The United States had their public finances sealed by the harsh recession that crossed their economy from late 2007 to mid-2009. Since then, economic growth has returned, but they are not able to restore the health of their public finances.According to estimates by the International Monetary Fund, they should acknowledge this year, with about 9% of GDP, the highest budget deficit of the G20 countries, except Japan. It is sixteen countries rated "AAA" by Standard and Poor's, four of the G7: Germany, Canada, France and Great Britain.

Vicat expects a slowdown in its margin due to Egypt

Posted in calculation, connection, corporations, networks, office by admin on August 4th, 2011 | Comments Off

Vicat said Thursday expect a slight reduction of its operating margin in 2011 due to the revolution in Egypt, rising energy costs and start-up costs of factories in India.

The cement, which was conducted in 2010 an EBITDA margin of 25.0%, said however that it should enjoy this year, however, a gradual recovery in activity in mature markets, the dynamism of emerging confirmed except the Egypt and the pursuit of its savings measures.

Vicat achieved in the first half EBITDA margin declined 1.5 points to 22.1%, with a turnover of 1.146 million euros, up 10.7% at constant scope and exchange rates.

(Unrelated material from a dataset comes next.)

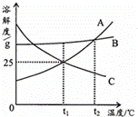 (1)t1℃時,A、B、C三種物質(zhì)中溶解度最大的是 ;
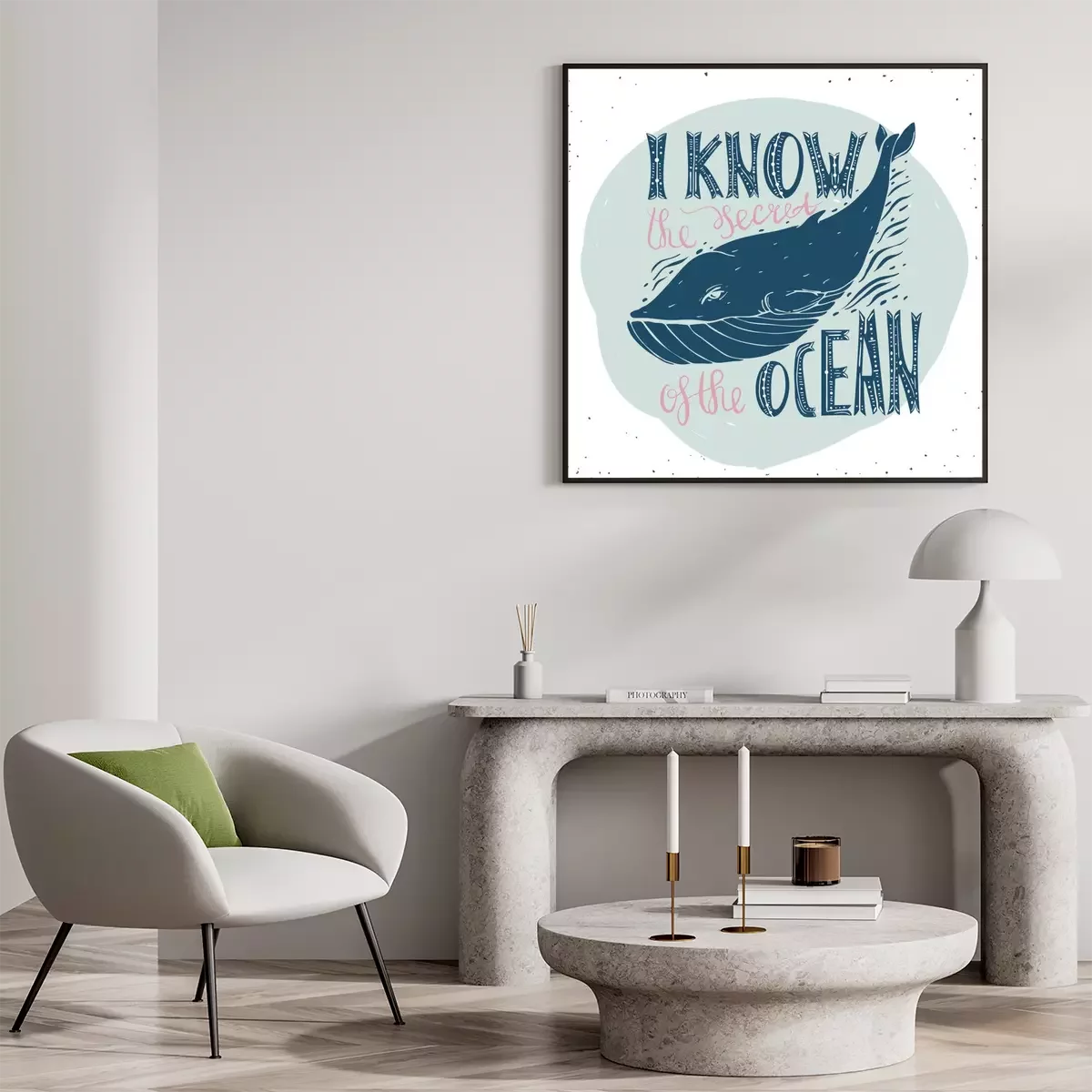 Poster : Illustration typographique avec une baleine

Vicat said to expect a gradual recovery in sales volumes in France, its main market, while prices should stabilize or slightly improve.

United States, Vicat also provides a very gradual improvement of markets in terms of volumes and prices, a sustained growth is not expected before 2013, while stressing that the visibility is currently very low.

In Egypt, Vicat showed a fall of 13.9% of consolidated revenues in constant currency, within the scope of a 6.4% contraction in sales volumes, lower prices and a sharp contraction more than 10 points in its EBITDA margin as a result of the revolution of the early years and the current tensions in the country.

"Nevertheless, the group remains confident about the evolution of the Egyptian market in the medium and longer term and its ability to fully benefit from its growth," said Vicat.

The West Africa and the Middle East is the second area of ​​the group behind France in terms of sales.

Before these announcements, the action Vicat finished down 2.83% to 46.80 euros in a market down sharply, giving a market capitalization of 2.10 billion. It falls 25% since the beginning of the year, after winning 6.3% in 2010.